------ DATASET ENTRIES ------
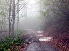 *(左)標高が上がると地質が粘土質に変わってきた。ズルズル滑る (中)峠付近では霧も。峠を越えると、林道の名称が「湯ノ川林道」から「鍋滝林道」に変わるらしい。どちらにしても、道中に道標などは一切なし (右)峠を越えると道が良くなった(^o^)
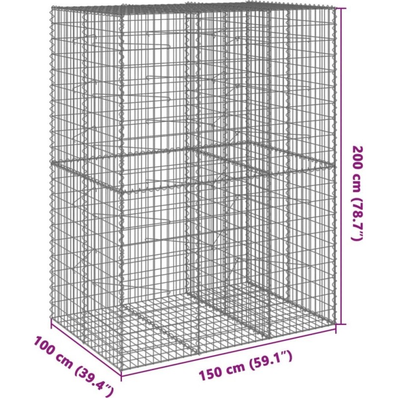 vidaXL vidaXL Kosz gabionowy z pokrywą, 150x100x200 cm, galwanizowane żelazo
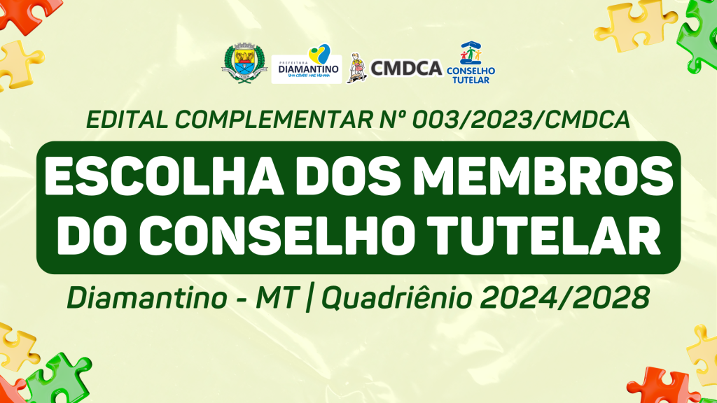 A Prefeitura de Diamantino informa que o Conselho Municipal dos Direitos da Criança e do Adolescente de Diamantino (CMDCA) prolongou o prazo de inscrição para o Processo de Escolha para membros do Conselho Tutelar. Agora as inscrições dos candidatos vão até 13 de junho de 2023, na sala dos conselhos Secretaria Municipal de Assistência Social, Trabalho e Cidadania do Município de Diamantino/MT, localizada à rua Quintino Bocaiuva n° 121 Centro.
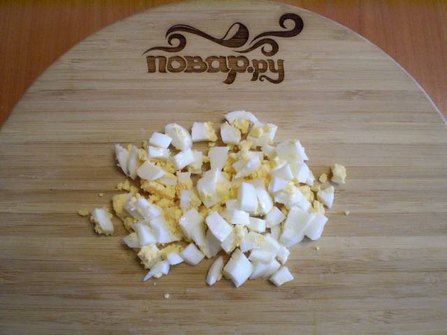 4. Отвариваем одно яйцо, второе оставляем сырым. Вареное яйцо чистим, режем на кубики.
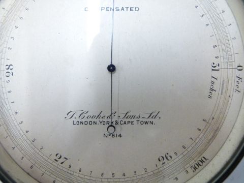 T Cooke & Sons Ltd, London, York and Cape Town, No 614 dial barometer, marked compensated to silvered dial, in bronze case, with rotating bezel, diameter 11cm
------
- WHAT IS NEEDED: Although the records above contain pictures, only their text is to be repeated, exactly as given.

- PROBLEM SOLUTION:
 *(左)標高が上がると地質が粘土質に変わってきた。ズルズル滑る (中)峠付近では霧も。峠を越えると、林道の名称が「湯ノ川林道」から「鍋滝林道」に変わるらしい。どちらにしても、道中に道標などは一切なし (右)峠を越えると道が良くなった(^o^)
 vidaXL vidaXL Kosz gabionowy z pokrywą, 150x100x200 cm, galwanizowane żelazo
 A Prefeitura de Diamantino informa que o Conselho Municipal dos Direitos da Criança e do Adolescente de Diamantino (CMDCA) prolongou o prazo de inscrição para o Processo de Escolha para membros do Conselho Tutelar. Agora as inscrições dos candidatos vão até 13 de junho de 2023, na sala dos conselhos Secretaria Municipal de Assistência Social, Trabalho e Cidadania do Município de Diamantino/MT, localizada à rua Quintino Bocaiuva n° 121 Centro.
 4. Отвариваем одно яйцо, второе оставляем сырым. Вареное яйцо чистим, режем на кубики.
 T Cooke & Sons Ltd, London, York and Cape Town, No 614 dial barometer, marked compensated to silvered dial, in bronze case, with rotating bezel, diameter 11cm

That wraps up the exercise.